Gov. Lingle chose to ignore a slate of four possible appointees suggested by the Democratic Party. Instead, she picked Harbin, an unsuccessful small-businesswoman who signed a Democratic Party card three days after Hiraki resigned his office. In choosing Harbin, Lingle said she wanted a small-business advocate in the post.

I’m sure she did. But I’m also sure that the weakness of Harbin, a three-day Democrat with little support in her adopted party, in a race against Republican Wong in November 2006 must have crossed Republican Lingle’s mind.

Nothing wrong with entertaining such a thought. It’s just good politics, and such thoughts have certainly been entertained by Hawaii governors with the letter “D” after their names.

But good politics, poorly executed, can come back to bite you in the ... well, you know where. And that’s why the good governor and her estimable aide Bob Awana, vetting-officerin-charge of the Harbin appointment, are now rubbing their behinds.

All right, all right. A lot of people look bad. Poor House Majority Leader Marcus Oshiro will have to look at that video clip of him draping a lei on the new Rep. Harbin for a long time to come. And House Speaker Calvin Say will be choking on his initial words of welcome for the new Democratic lawmaker.

But it’s the system that stinks and it’s the law that ought to be changed. Every time someone dies in legislative office or resigns for any reason at all, a special election should be held to fill the vacancy.

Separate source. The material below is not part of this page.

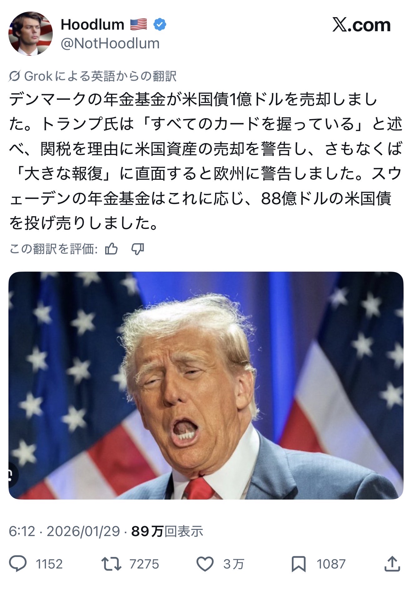 | … | 1126/01/29(木)18:34:31No.1396980604そうだねx57米国債の価値を終わらせようとしている米国大統領をトランプはどうにかしたほうがいい |

As I word-processed the last sentence, I could hear one of my 11 regular readers saying: “There he goes again - a tax-and-spend liberal who wants to waste taxpayer dollars for an itty-bitty House seat to be occupied for 14 months.”

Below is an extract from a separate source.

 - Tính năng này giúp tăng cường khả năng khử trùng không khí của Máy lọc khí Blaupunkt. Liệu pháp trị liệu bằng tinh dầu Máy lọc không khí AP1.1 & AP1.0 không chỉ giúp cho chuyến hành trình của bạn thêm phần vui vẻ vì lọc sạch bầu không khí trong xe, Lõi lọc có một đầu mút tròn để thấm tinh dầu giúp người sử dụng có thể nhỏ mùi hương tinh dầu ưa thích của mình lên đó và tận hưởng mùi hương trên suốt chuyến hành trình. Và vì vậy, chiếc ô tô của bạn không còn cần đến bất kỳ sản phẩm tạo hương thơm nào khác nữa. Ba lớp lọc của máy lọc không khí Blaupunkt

You bet I am. Democracy doesn’t come cheap, and elected legislative offices aren’t meant to be places with which governors play politics. District voters are supposed to play politics with those seats; no one else. That’s the way the national House of Representatives works (Remember Ed Case’s two campaigns for the House in 2004?), and that’s the way the state House of Representatives should work as well.

I feel very strongly about this one. For almost two decades in the 1980s and ‘90s, Democratic governors appointed the state representative and state senator in my Pearl City district. A good half dozen community activists who had served tirelessly as members of local PTAs, neighborhood boards and service clubs were shunted aside and a friend of the governor - or a friend of someone close to the governor - got the appointment.

Not fair, not fair, not fair. In each instance, the governor rather than the Pearl City electorate chose Pearl City’s legislator.

Let’s change the law next session. If a legislative vacancy occurs due to resignation, death or imprisonment, hold an election six weeks after the resignation becomes effective.

Under such a system, Republican Collin Wong probably would have won the 28th House District seat this fall.